Pipeline construction through farmland

Guernsey County Pipeline construction is critical to the development of Ohio’s shale resources. Shale development continues to expand and so does the need for pipelines.

Many landowners are approached by companies who want to construct a pipeline across their property. We strongly encourage landowners to consult with an experienced attorney and other advisors when considering and negotiating a pipeline easement.

While a landowner will likely receive a “standard pipeline agreement” from a company, the landowner should consider this as a starting point for negotiation. Landowners often ask if there are standards for installation which should be followed.

The Division of Soil and Water Conservation in the Ohio Department of Natural Resources has developed a comprehensive set of standards for pipeline construction that address issues such as soil compaction, erosion and drainage.

Following these standards will help in minimizing impacts on soil and water resources. A landowner can include the ODNR standards in the easement. The standards can be found here:

Following these standards can help to ensure the area is reclaimed as well as possible for agricultural purposes but these standards are not the only concern landowners should consider.

The OSU Extension Ohio Agronomy Guide, Bulletin 472, available from your local Extension office, is a useful guide for all aspects of proper forage seeding establishment, including the optimal dates of seeding.

Select forages

Landowners should select the forages they want reestablished.

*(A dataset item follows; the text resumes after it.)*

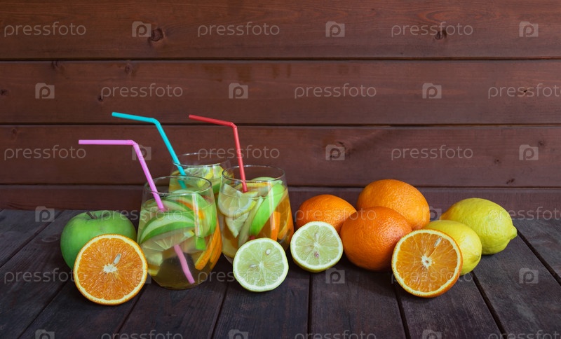 Три стакана сангрии из белого вина с фруктами и свежими фруктами рядом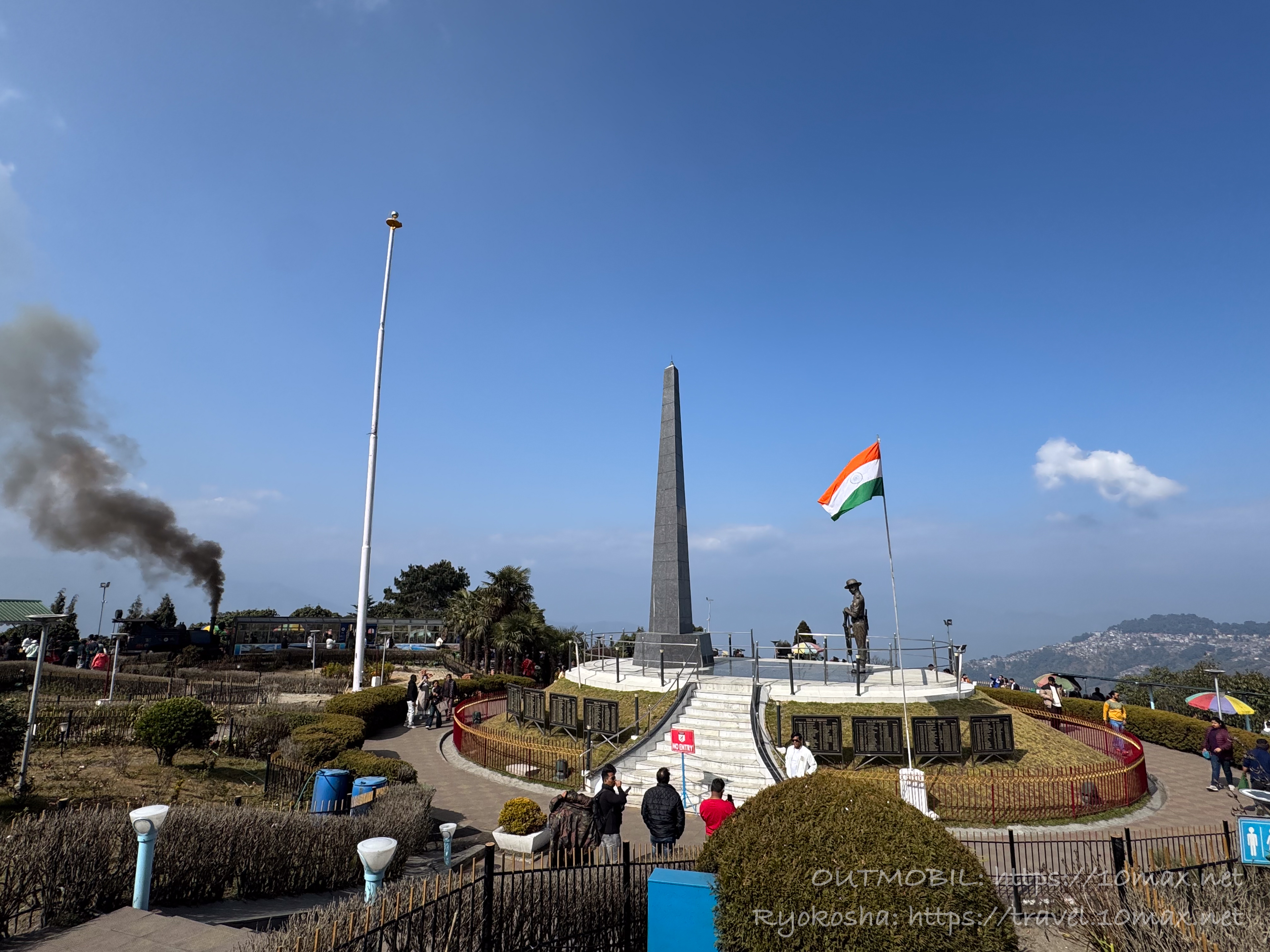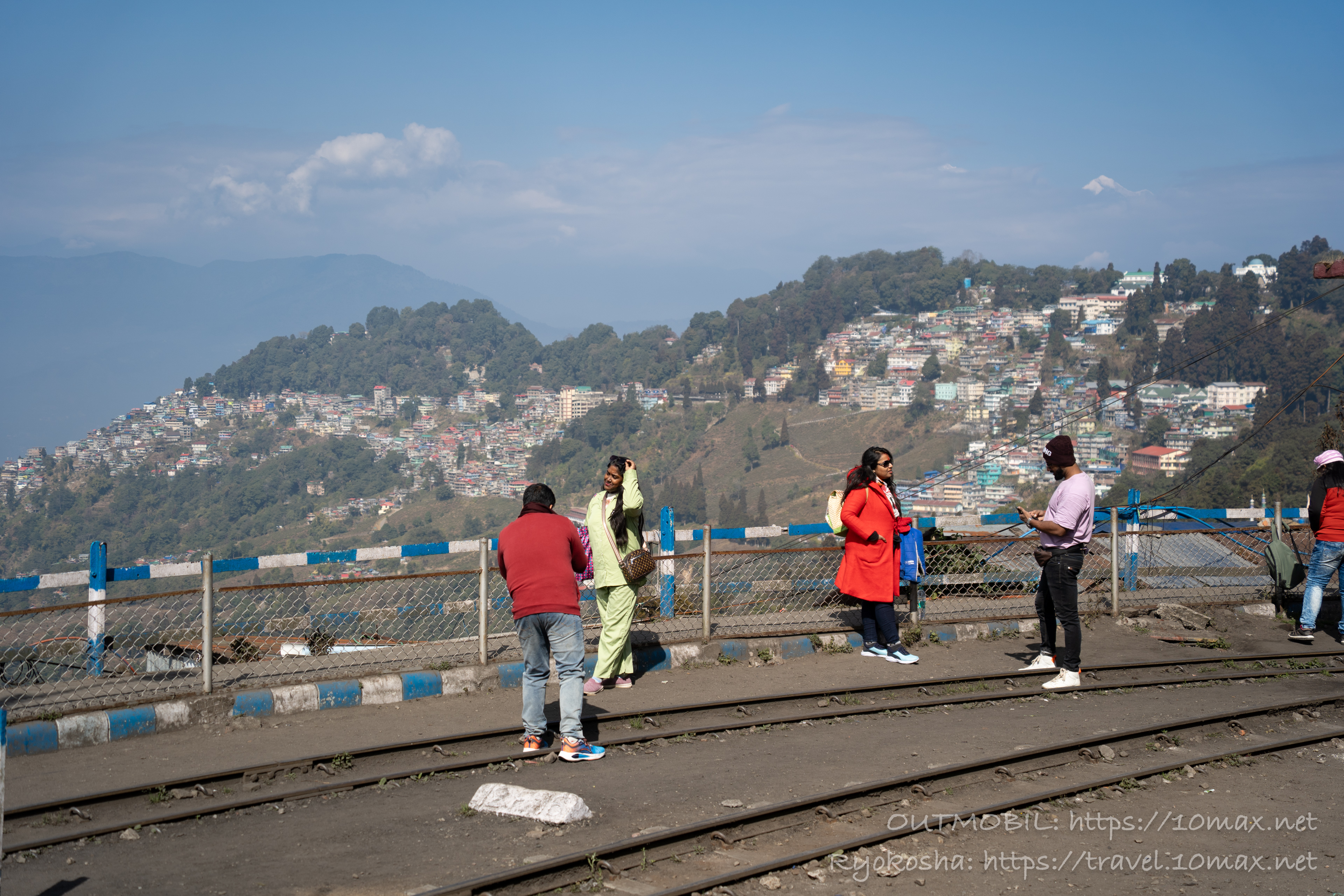 ダージリン駅は地味にカンチェンジュンガとヒマラヤの山並がよく見える絶景スポットである。下の写真では雲がかかっており三角形がポツンと頭を出しているのみだが、この後雲が晴れていく(本記事冒頭の写真)。

The majority of pastures and hay fields in Ohio are composed of perennial cool-season grasses and legumes.

The perennial grasses most often included in these mixtures are: festulolium (fescue x ryegrass cross), Kentucky bluegrass, orchardgrass, perennial ryegrass, reed canarygrass, smooth bromegrass, tall fescue and timothy.

The most common forage legumes to consider are alfalfa and red and white clover. In managing these forages the difficulty in obtaining a productive stand is greatly influenced by planting date.

Remember there are many tools at your disposal to thicken the stand and control weeds.

These include mowing, soil testing, grazing and the use of herbicides. In addition, if seeding a cool season grass it may be wise to consider the use of a warm or cool season annual as a cover crop.

Proper forage establishment is only part of the impact pipeline and right-of way’s have on farmland.

Upcoming classes

To better understand these impacts consider attending an OSU Extension class.

OSU Extension offers an educational class on pipeline easements and right-of-ways covering important aspect impacting Ohio farmland owners and our next class is April 16, 7 p.m. at the Mid-East Vocational School in Buffalo.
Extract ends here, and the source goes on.